OpenMMReasoner-Data presents two training recipes covering both the SFT and RL phases. The pipeline begins by collecting diverse data sources and selecting teacher models to generate new answer traces. During the RL phase, we explore different algorithm choices and filtering strategies, leading to our final optimized recipe.

SFT Data Curation Pipeline

The SFT dataset is constructed through three stages:

1. Data Sourcing and Formatting: We begin with approximately 103k raw question–answer pairs collected from public datasets including LLaVA-CoT, OpenVLThinker, and We-Math2.0. Data sourced from different benchmarks follow inconsistent answer styles and reasoning formats, so we standardize all samples to a unified reasoning format, normalizing textual structure and ensuring consistent step-wise outputs.

2. Data Distillation and Scaling: After selecting Qwen3-VL-235B-Instruct as the teacher model, we enrich each question with multiple verified reasoning traces. We evaluate four scaling factors (×1, ×2, ×4, ×8) and adopt the ×8 configuration, which increases the dataset to roughly 583k verified general-reasoning samples. Only samples whose final answers pass a rule-based validator and an LLM-as-judge check are retained.

3. Domain Mixing: To further enhance reasoning generalization, we incorporate MMR1 for image-based mathematical reasoning and MiroMind-M1 for text-based mathematical reasoning. Combining the general SFT data with these additional mathematical datasets yields our final 874k mixed SFT dataset.

RL Data Curation Pipeline

The RL dataset comprises approximately 74k samples curated through:

1. Dataset Sourcing: We collect diverse data samples from MMEureka, ViRL, TQA, We-Math, PuzzleVQA, AlgoPuzzleVQA, and ThinkLiteVL, covering domains such as science, mathematics, charts, and puzzles.
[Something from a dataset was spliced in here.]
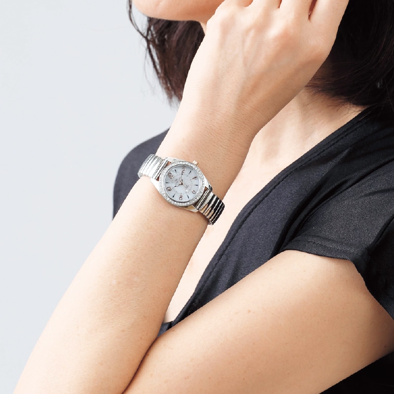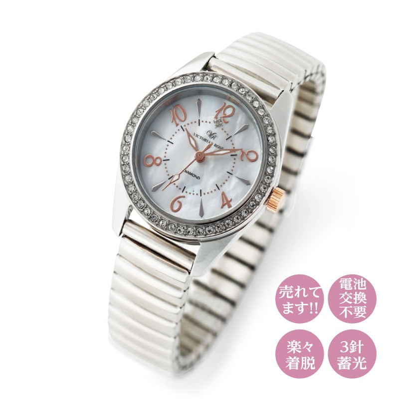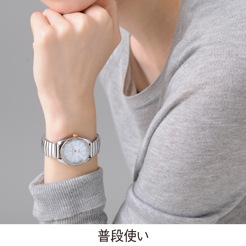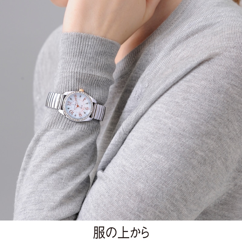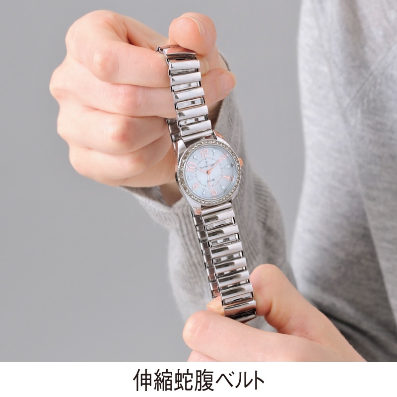 - サイズ調節の必要がない蛇腹式。電池交換不要の自然光で充電できるソーラームーブメント。天然シェルを使用した美しい文字盤、蓄光針で暗闇でも見やすい。贈り物にも喜ばれます。

2. Dataset Cleaning: We extract and verify final answers from each dataset, then deduplicate by computing both image and text similarities to remove redundant questions. The cleaned datasets are merged to form the final RL dataset.

Training Framework

For SFT training, we adopt online packing and the Liger-Kernel to accelerate training efficiency, using LMMs-Engine as the training framework and LMMs-Eval for standardized evaluation. We use Qwen2.5-VL-7B-Instruct as our initial checkpoint to start. For RL training, we utilize verl and vllm to accelerate the training process with a global batch size of 128.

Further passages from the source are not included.